Required action –
Your copy of the entries below should hold exactly the lines from the one containing "Câmara Municipal. |" to the one containing "نقطة التقاء نهر", inclusive, and no pictures.

--- Material supplied ---

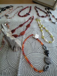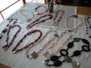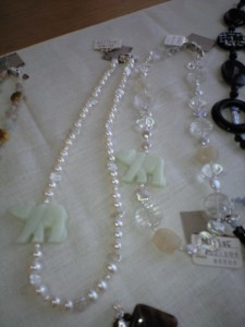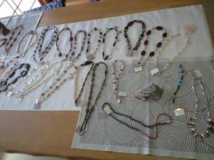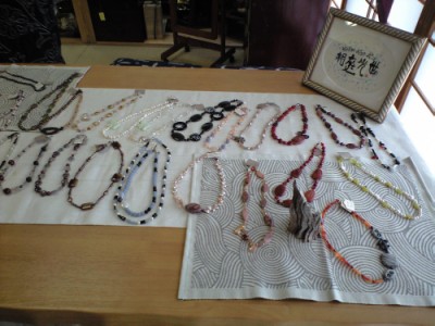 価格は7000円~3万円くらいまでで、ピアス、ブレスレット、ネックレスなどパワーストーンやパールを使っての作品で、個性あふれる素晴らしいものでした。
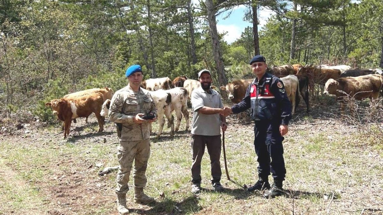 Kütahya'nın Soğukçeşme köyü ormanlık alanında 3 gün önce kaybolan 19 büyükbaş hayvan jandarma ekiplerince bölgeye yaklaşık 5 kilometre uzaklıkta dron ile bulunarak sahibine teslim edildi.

---
--- Material supplied ---

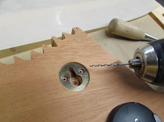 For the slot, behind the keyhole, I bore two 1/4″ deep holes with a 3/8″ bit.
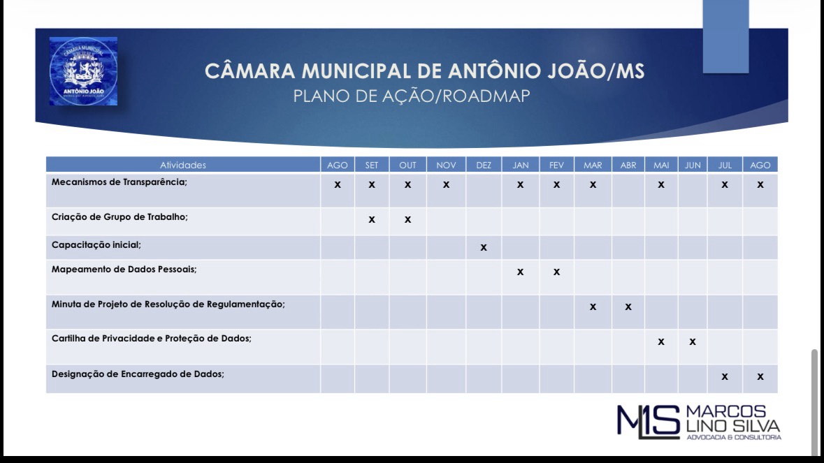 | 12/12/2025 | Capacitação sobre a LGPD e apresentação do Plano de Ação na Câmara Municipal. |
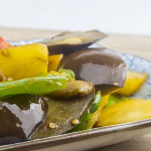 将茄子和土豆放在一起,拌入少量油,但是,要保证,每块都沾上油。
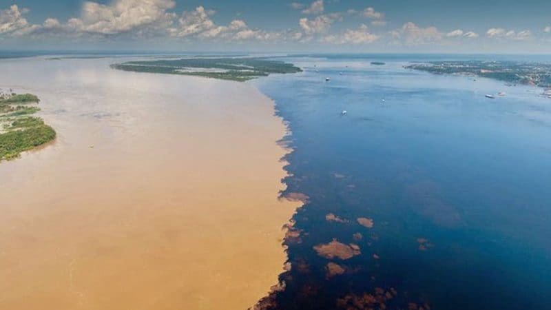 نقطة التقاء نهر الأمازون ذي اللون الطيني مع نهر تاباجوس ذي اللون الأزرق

---

Exercise response –
 | 12/12/2025 | Capacitação sobre a LGPD e apresentação do Plano de Ação na Câmara Municipal. |
 将茄子和土豆放在一起,拌入少量油,但是,要保证,每块都沾上油。
 نقطة التقاء نهر الأمازون ذي اللون الطيني مع نهر تاباجوس ذي اللون الأزرق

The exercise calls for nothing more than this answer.